Aniden, ona korkunç bir aura geldi. Ejderha, anka kuşu, kaplan ve kaplumbağa onun yanında ortaya çıktı ve etrafını sardı. Yaydığı aura onları cezbetmişti.
Eski zamanlardan beri, Evrenin en yüce Yasalarını kavramak son derece zor olmuştur. İlahi hanedanın en yetenekli kişisi olan Veliaht Prens bile sadece iki yüce Yasayı kavramıştı. Öyle olsa bile, binlerce yıldır Cennet Tanrısı olma şansı en yüksek olan adam olarak görülüyordu!
Bu yüzden, Bu Fang’ın Evrenin ikinci yüce Yasasını kavraması doğal olarak zordu. Ama bu gerçekten böyle miydi?
Bir ejderha kükremesi eşliğinde, altın ejderha Bu Fang’a geldi ve hızla vücuduna girdi. Sonra bir çatlakla önündeki sahne parçalandı ve ortadan kayboldu.
…
Patlaması!
İlahi Şef Tapınağı’ndan aniden bir ışık huzmesi yükseldi. Sadece kısa bir an için ortaya çıktı ve kısa süre sonra ortadan kayboldu. Ancak, dalgalanması hemen başkentteki sayısız uzmanın dikkatini çekti. Başlarını kaldırdılar ve kaybolan ışına inanamayarak baktılar.
“Evrenin Yüce Yasalarının dalgalanması mı?!”
Birisi Evrenin Yüce Yasasını kavradı mı?”
“Yüce Kanunlar ne zamandan beri lahana kadar yaygın hale geldi? Onları anlamak gerçekten bu kadar kolay mı?”
Bu uzmanların hepsi birbiriyle konuşuyordu. Dalgalanmanın geldiği yerin İlahi Şef Tapınağı olduğunu öğrendiklerinde yüz ifadeleri bir anda çok tuhaflaştı.

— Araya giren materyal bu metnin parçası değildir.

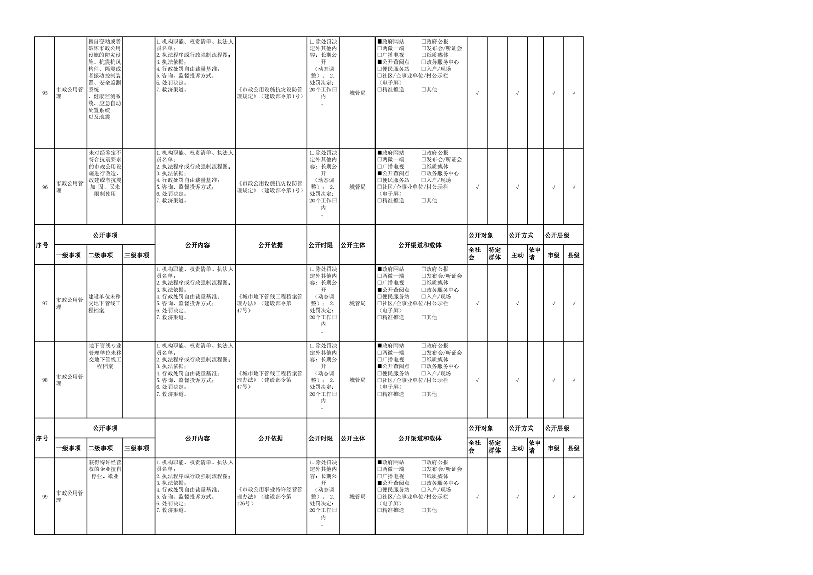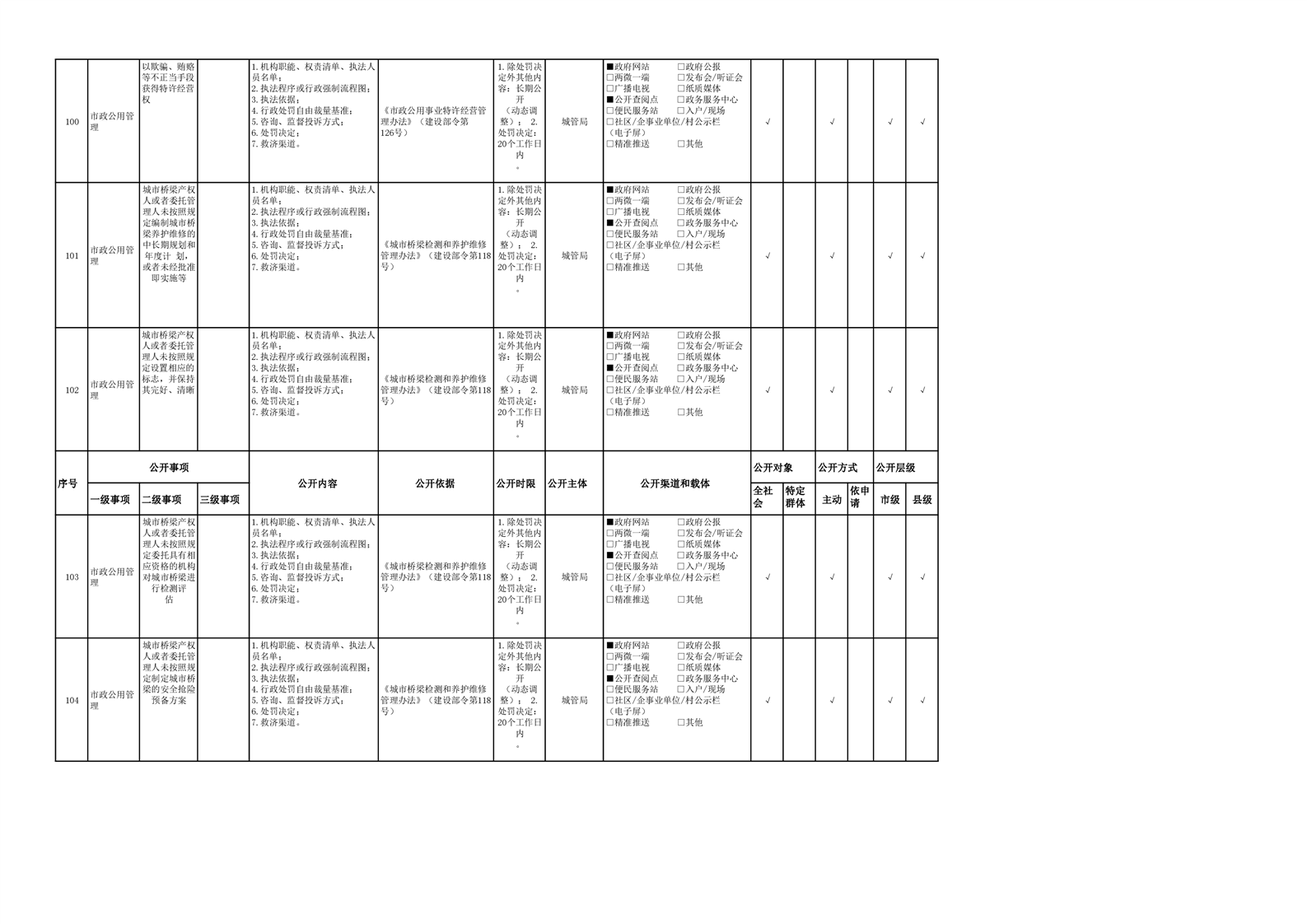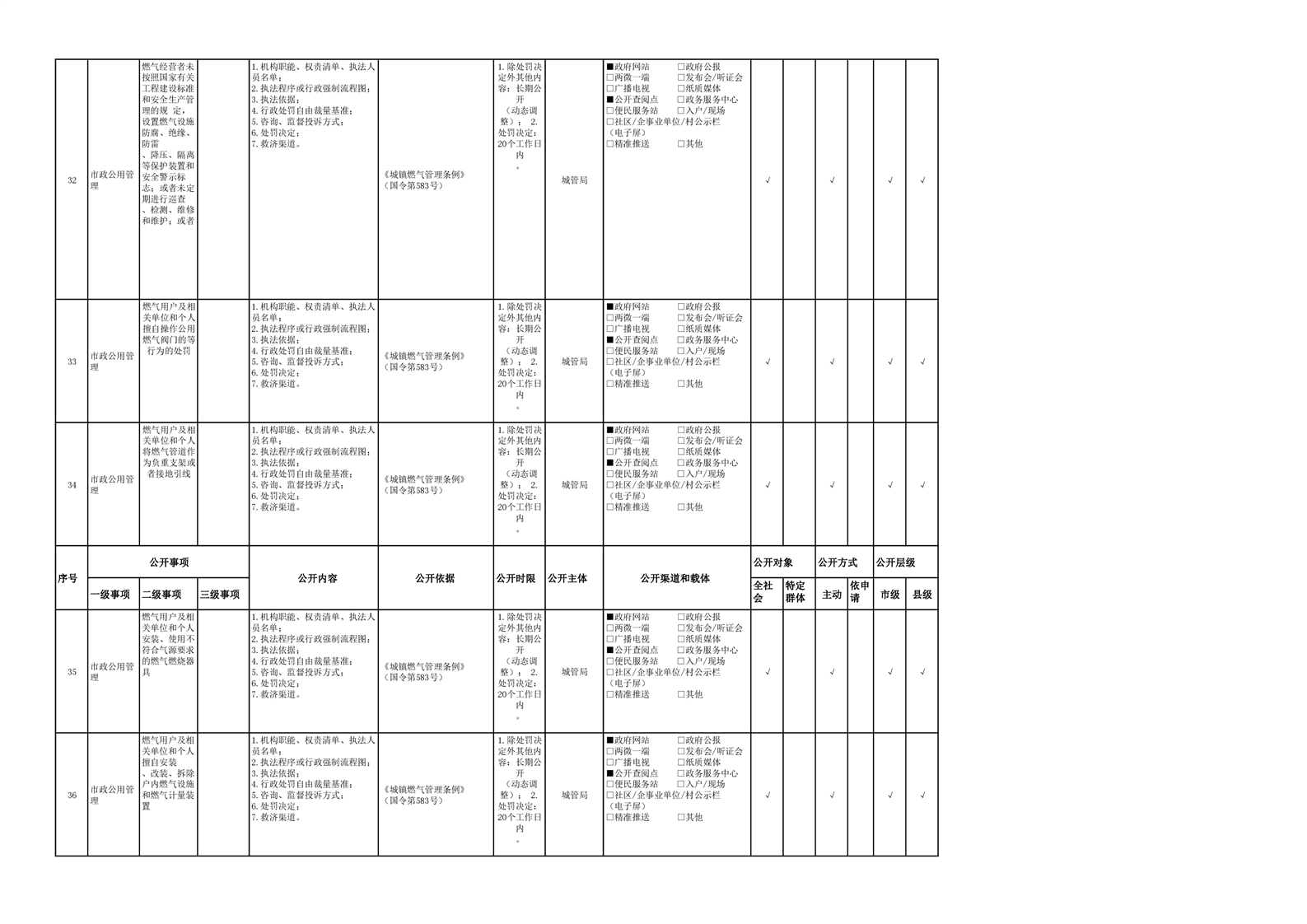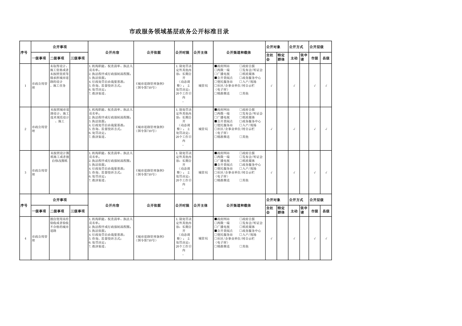 华容县市政服务领域政务公开标准化目录(城管综合执法局编制)

“Yine mi İlahi Şef Tapınağı? Son zamanlarda çok aktif gibi görünüyor, değil mi?”
…
Gece geç saatlerdi ve sokaklar durgundu. İlahi Şef Tapınağı’nın dışında, sessiz havada net bir ayak sesi duyuldu. Her adımda yavaş, titiz ve titiz bir figür yaklaşıyordu.
Sonunda, İlahi Şef Tapınağı olan binanın önüne geldi.
Uzun darmadağınık saçları ve beyaz cüppesiyle Veliaht Prens, yavaşça yükselen binaya baktı. Ay ışığı yüzünü yıkarken dudaklarına hafif bir gülümseme geldi ve ona nazik bir bakış attı.
“İlahi Şef Tapınağı… Skoru belirlemenin zamanı geldi.”